This could include telemetry changes.


Point #2:
The only metric we've been able to observe that clearly shows the
problem is the one showing bandwidth in and out of one of the
Destiny test lab. The graphs show that we're saturating outgoing
bandwidth from Destiny during every canary run.

We have metrics that measure the total data from the DUTs through
various known channels. Most notably, we know the total size of
test results over time, and that value is largely unchanged before
and after the incident.

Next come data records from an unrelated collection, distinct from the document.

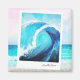 A vibrant depiction of a curling ocean wave in shades of blue is captured within a Polaroid-style frame, set against a tranquil seascape backdrop. The phrase "Love the Ocean" is elegantly inscribed below the wave.
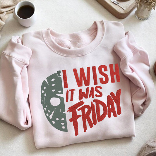 Embroidered I Wish It Was Friday Sweatshirt, Retro Halloween Shirt
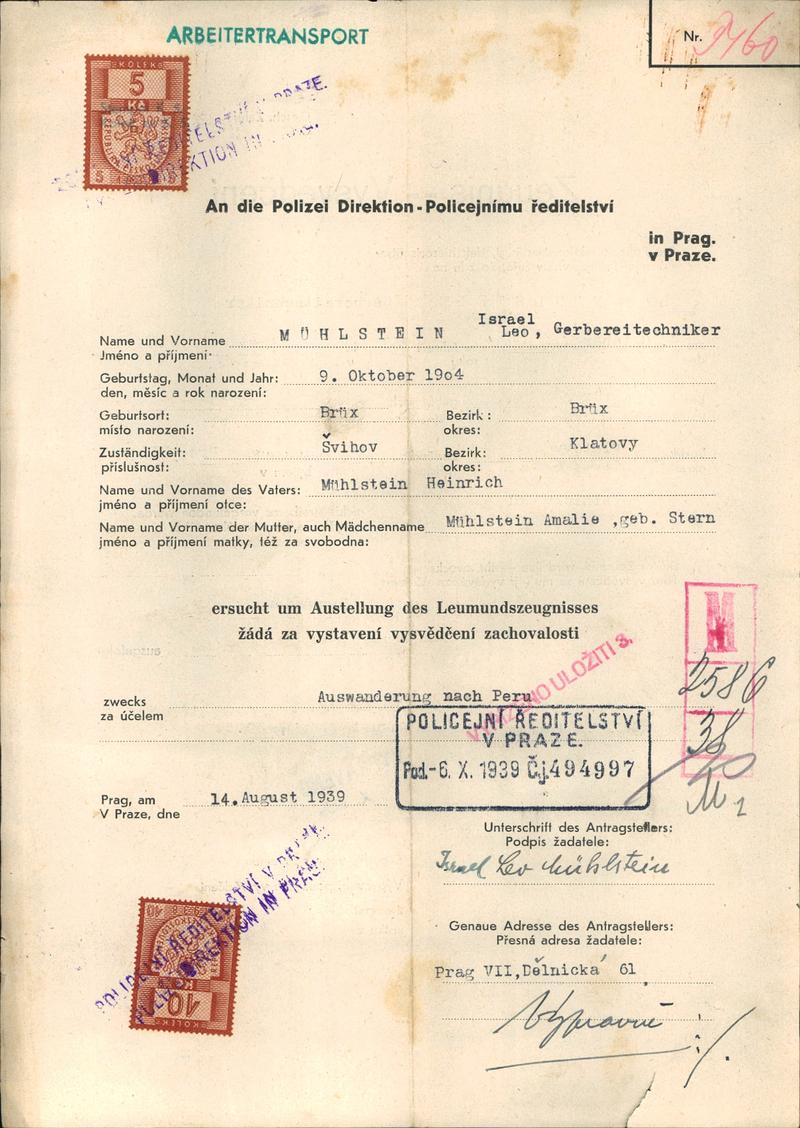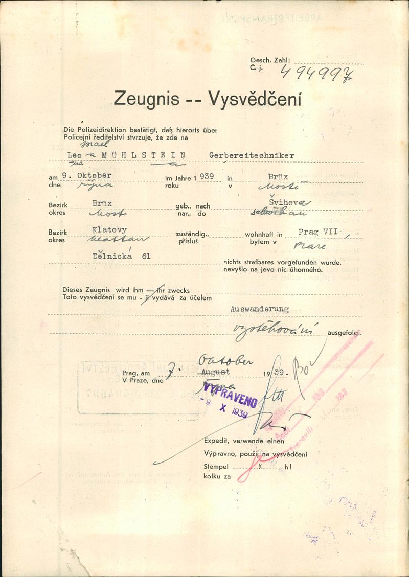 National archives Prague > Police Directorate Prague > 1931-1940 > M > Mühlstein Leo
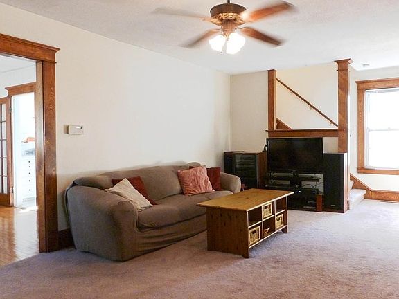 Charming home conveniently located on a quiet street in the center of town. Vinyl siding, replacement windows, gas heat, gas hot water & low taxes means minimal costs to own this home. Large and inviting living room (hardwood under the carpet) with gas fireplace opens to the bright and spacious dining room w/ hardwood flooring. The enclosed front porch is a perfect spot for your morning coffee. 2 good size bedrooms on the 2nd floor, both with hardwood flooring and both with walk in closets. Newer over sized garage, fully insulated with heat and new floor. Flat back yard with nice landscaping, newer paved driveway +/- 3 yrs ago, Minutes to the highway, shopping and plenty of shopping and dining. Move right in!
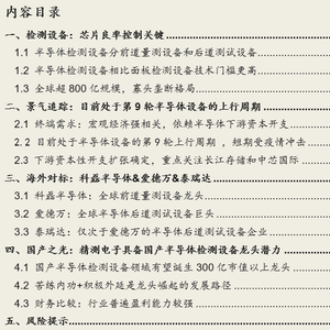 半导体检测设备国产化进度低于预期。目前半导体检测设备国产化程度较低,半导体前道量测设备领域,精测电子和上海睿励有实现个位数的订单突破;后道测试设备领域,长川科技和华峰测控在模拟芯片测试领域已经占据较高的份额,但是在SoC芯片测试和存储器芯片测试领域存在较大的空白。如果国产半导体检测设备厂商在产品开发、客户拓展方向不及预期,则国产化进度可能存在不及预期的风险。
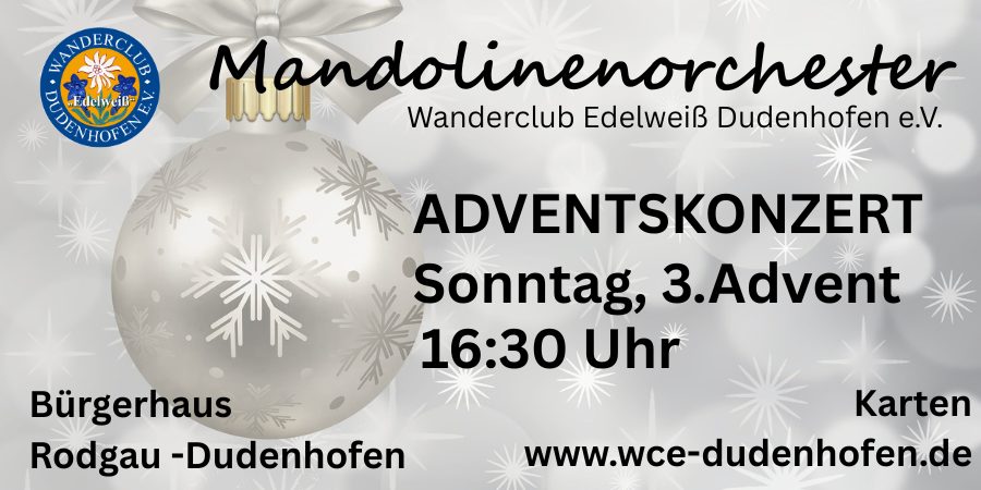 Bald ist es soweit, am 14.12.25 um 16:30h im Bürgerhaus Dudenhofen findet wieder unser traditionelles Weihnachtskonzert statt.
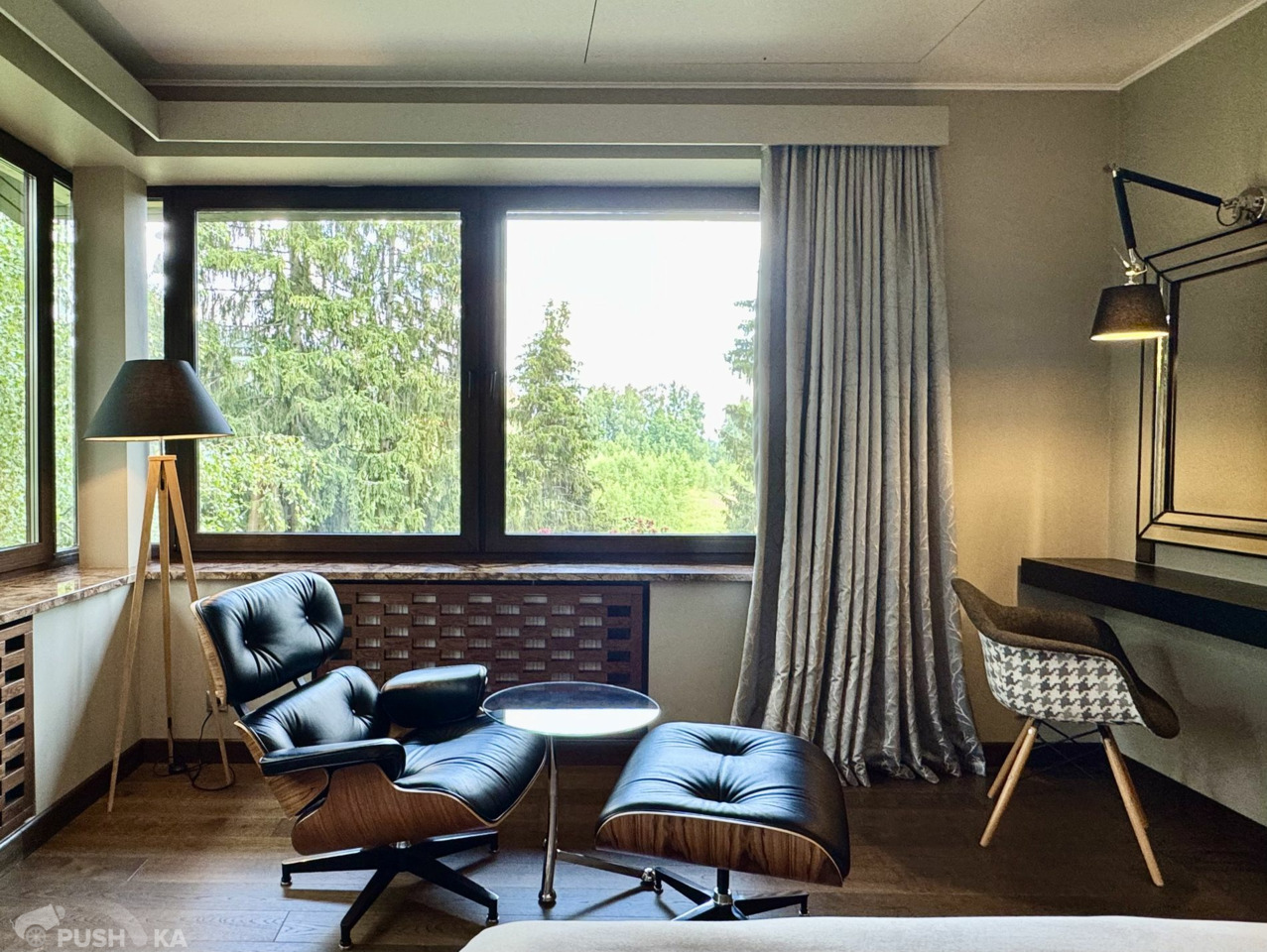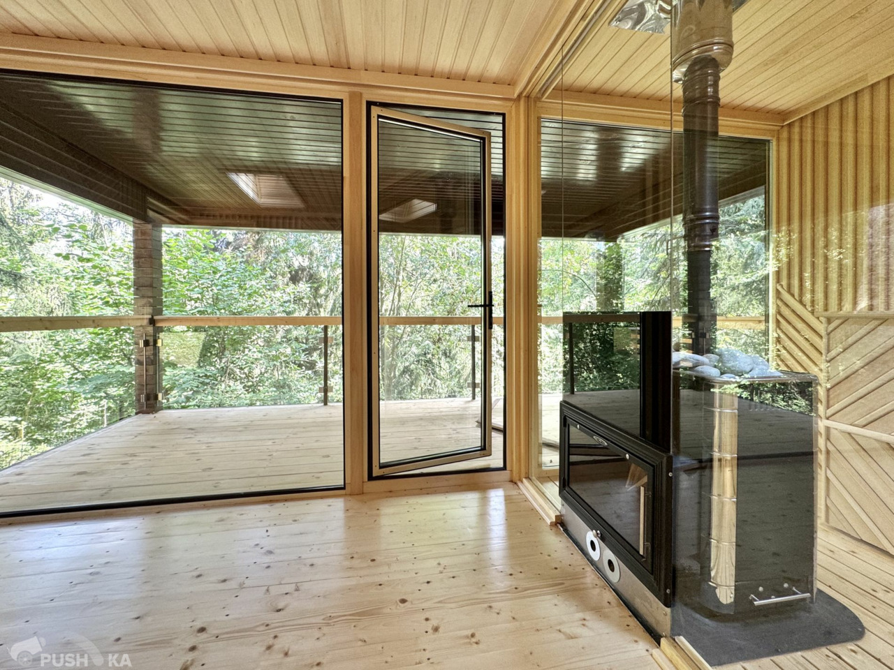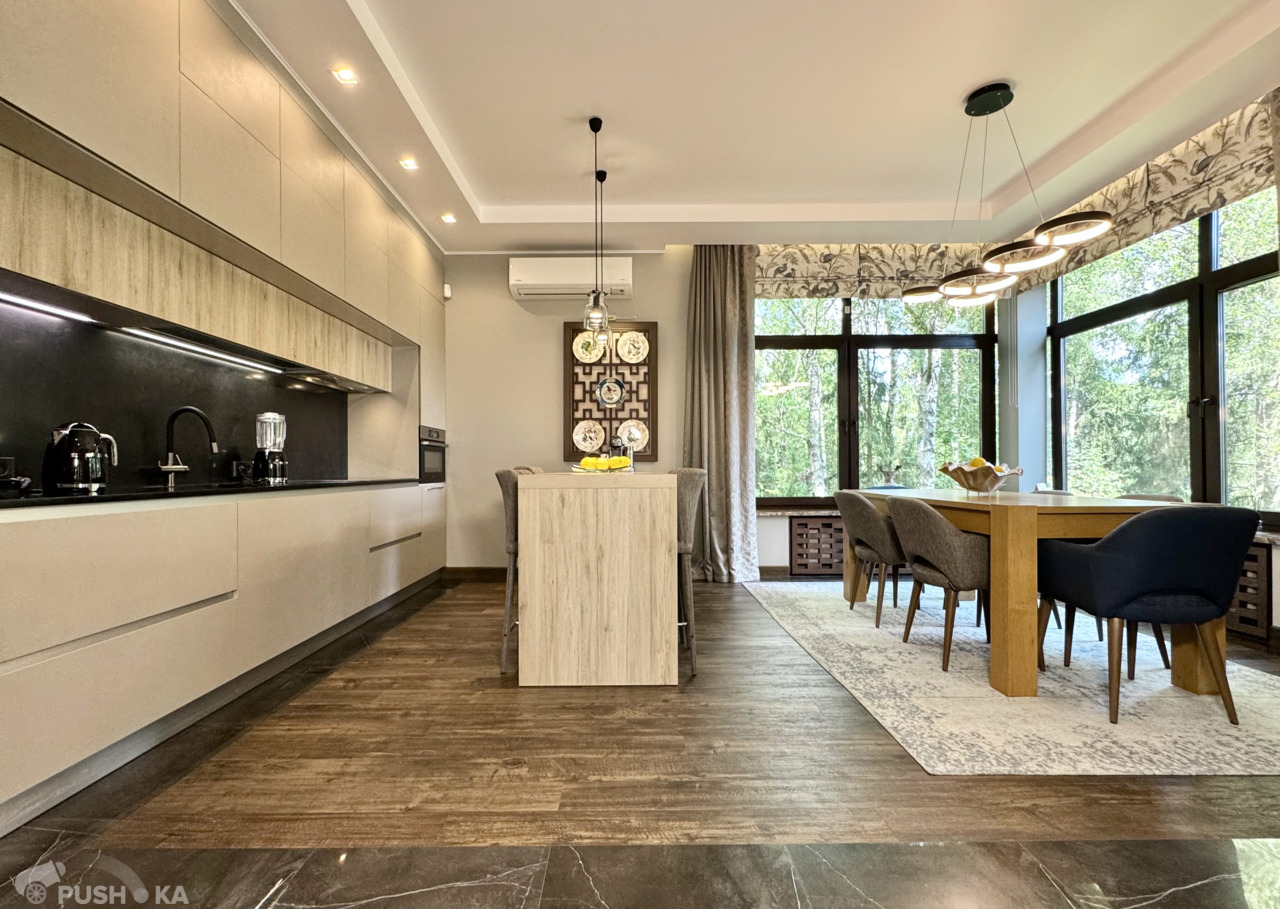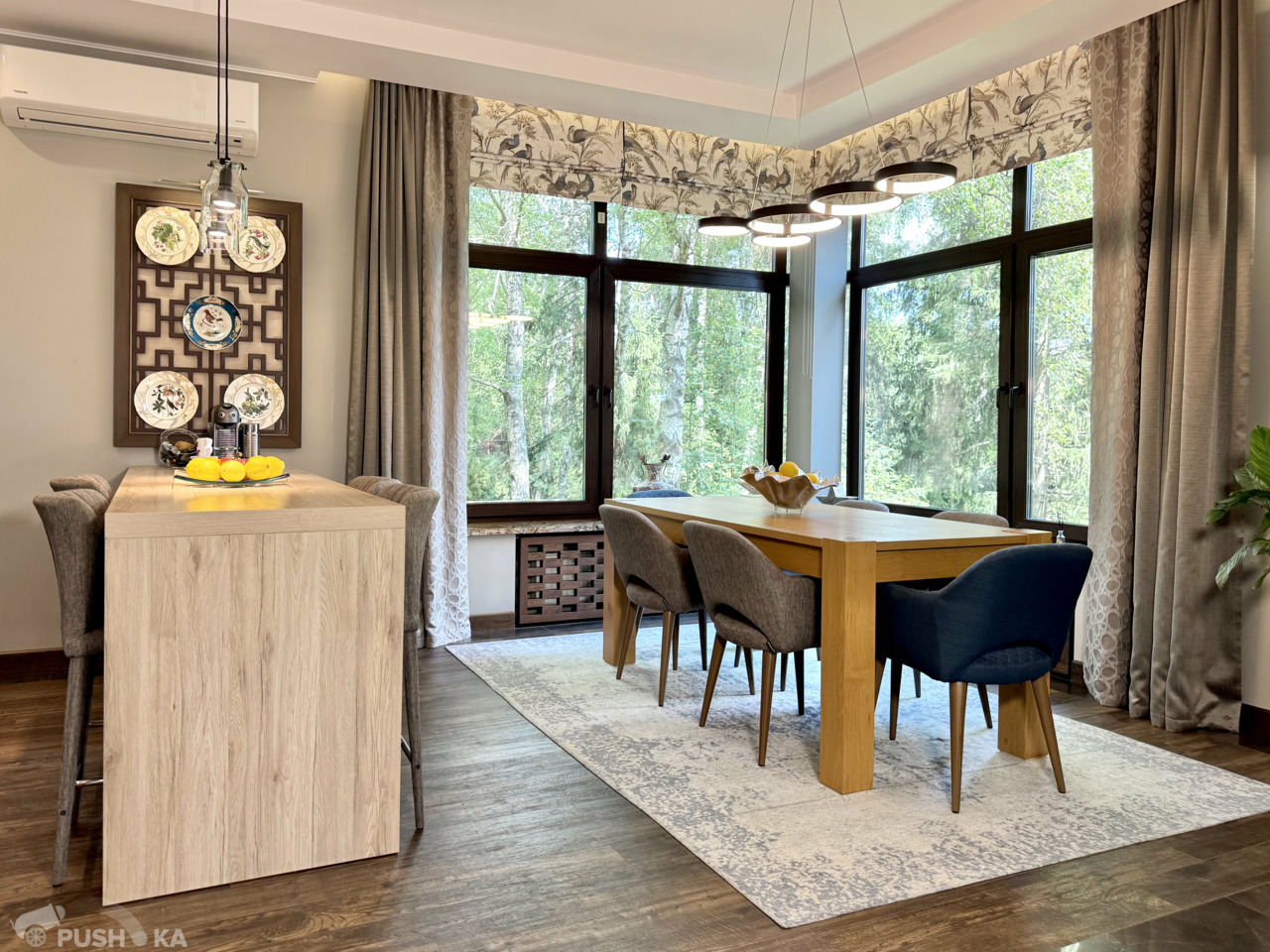 Авторский дизайнерский ремонт и стильный элегантный интерьер создают атмосферу высокого комфорта. Благодаря множеству панорамных окон, дом наполнен солнечным светом и ароматом окружающих его хвойных деревьев.

The "total test results" number includes
Chrome crashes, Chrome logs, and test logs.

Conclusion #2:
Whatever is driving the extra traffic, it's apparently not something
tracked by our existing metrics. In particular, it's probably not
Chrome crashes, Chrome logs on the DUT, or test output.


Point #3:
As noted, there's telemetry related traffic between the devservers
and the DUTs. I don't fully understand that traffic, but I know
it's not tracked. This data clearly falls into the "not covered
by existing metrics" category, and because it's telemetry, it can
change every time telemetry changes.

Conclusion #3:
The telemetry code running on the devserver is necessarily a suspect,
and needs to be ruled in or out of the search.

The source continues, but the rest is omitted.